One of the main directions is the creation of digital simulation models of physical and technical objects that do not remain unchanged but are updated and changed in accordance with the life cycle of the physical object. Such dynamically updated models are able to continuously receiving new measurement information from sensors of a technical object, from sensors of control devices and from the environment, from larger systems, to generalize newly obtained and past data and to change parameters of the model (Boschert & Rosen, 2016). Dynamically updated model of the object is essentially its digital twin.

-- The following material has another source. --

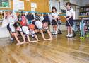 旧木田小学校の木造校舎を地域交流施設として使う木田暮らしの学校(浜田市旭町木田)で9日、雑巾がけのタイムを競う大会があった。参加者は足をもつれさせながらゴールに滑り込み、閉校した校舎に歓声が響いた。

The digital twin is constantly trained on the basis of new and historical data. It updates parameters in real time, adapts to external conditions and determines the optimal behavior of the technical object in the prevailing situations. When creating a dynamic model of a physical object, systems of partial differential equations are traditionally constructed, as well as integral equations for which the finite element method is applied. However, the finite element method does not allow to change the characteristics of the model without the participation of a specialist during the modeling of the changing object, since it does not allow dynamically adding new data, adjusting the sizes and number of grids to track the changes occurring in the object. The digital twin model must constantly learn to adjust its characteristics on the basis of updating information, and therefore the methodical basis for its creation is artificial intelligence, neural networks and machine learning (Uhlemann & Steinhilper, 2017; Uhlemann, Schock, Lehmann, Freiberger, & Steinhilper, 2017).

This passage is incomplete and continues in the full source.